Data extract:
*** Begin section ***

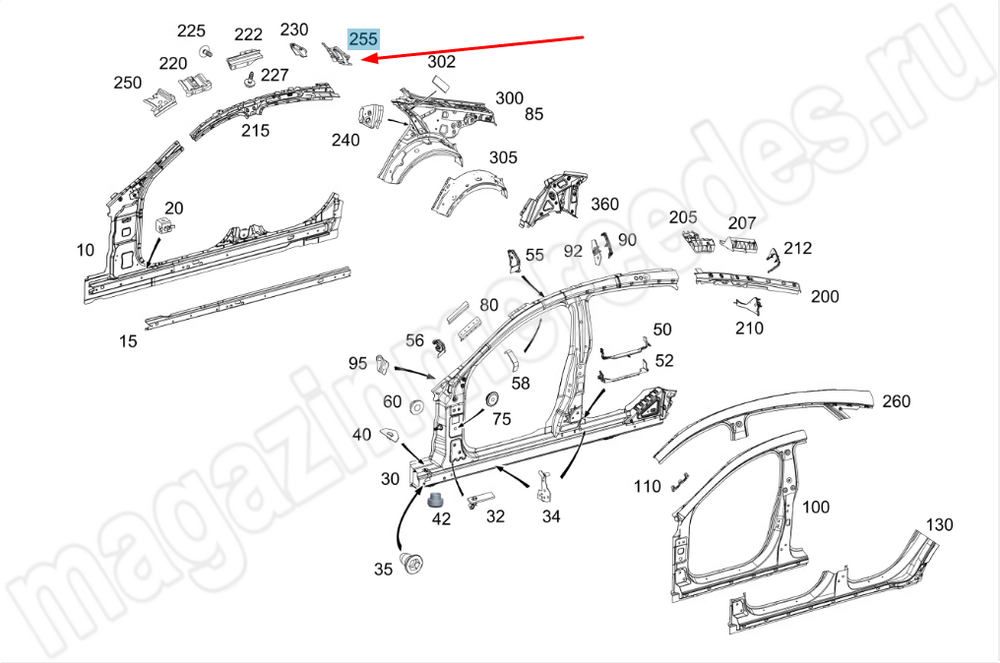 Консоль рамы крыши сзади слева Mercedes AMG GT X290
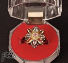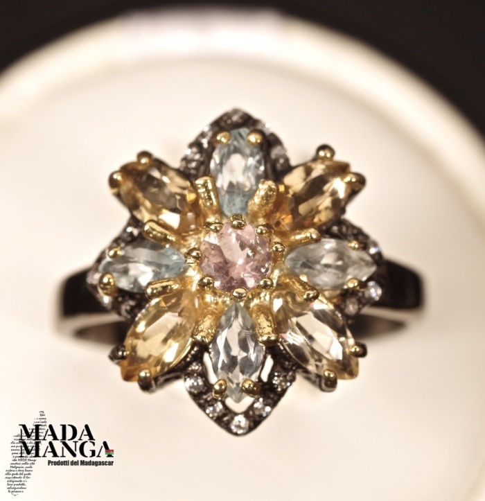 Anello in Argento 925, rodiato con rodio nero e con placcature in oro giallo, con Tormalina rosa al centro, citrini da mm.6x3 e topazi, peso anello 4 grammi. Misura americana 8,25, misura italiana 18, diametro interno mm.18,36. Venduto con scatolina regalo. L'anello è realizzato artigianalmente in pezzo unico per modello e misura.
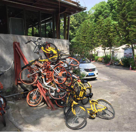 共享單車堆放在公園系暫存
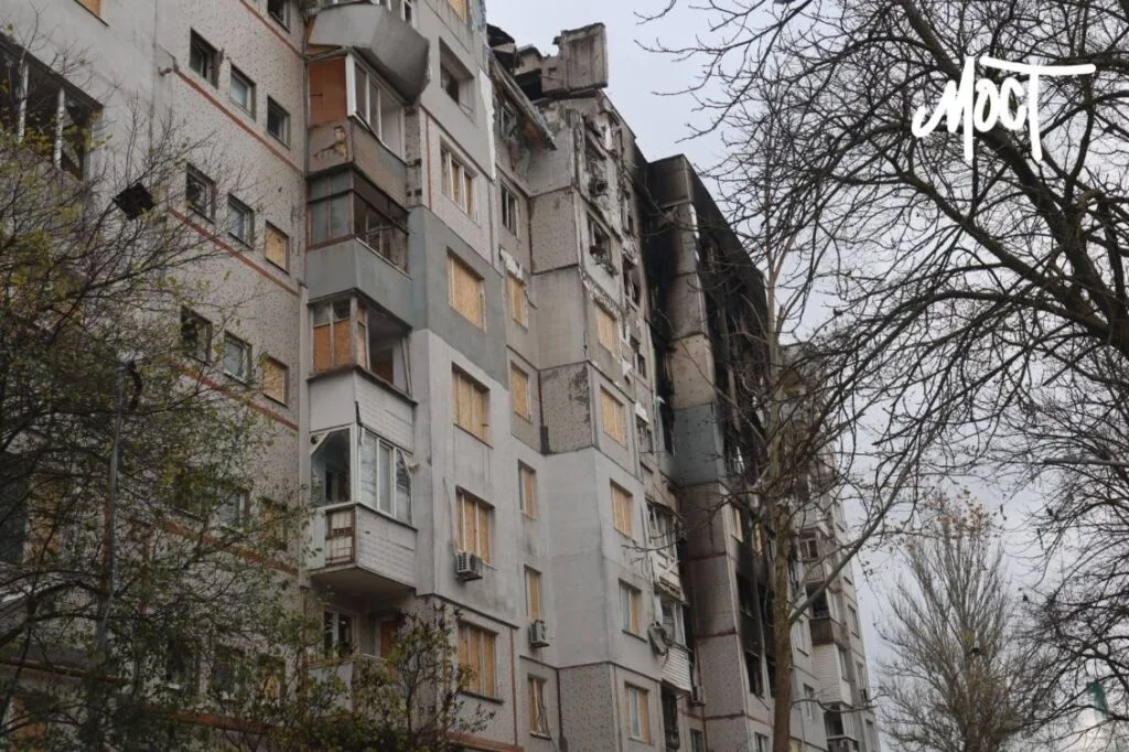 Multi-storey residential buildings in the ‘red zone’ at the corner of Chornomorska and Perekopska streets were damaged as a result of shelling by the Russian army.

*** End section ***

Task directions: Every last line above must be reproduced as written, and no pictures belong in the copy.

Answer space:
 Консоль рамы крыши сзади слева Mercedes AMG GT X290
 Anello in Argento 925, rodiato con rodio nero e con placcature in oro giallo, con Tormalina rosa al centro, citrini da mm.6x3 e topazi, peso anello 4 grammi. Misura americana 8,25, misura italiana 18, diametro interno mm.18,36. Venduto con scatolina regalo. L'anello è realizzato artigianalmente in pezzo unico per modello e misura.
 共享單車堆放在公園系暫存
 Multi-storey residential buildings in the ‘red zone’ at the corner of Chornomorska and Perekopska streets were damaged as a result of shelling by the Russian army.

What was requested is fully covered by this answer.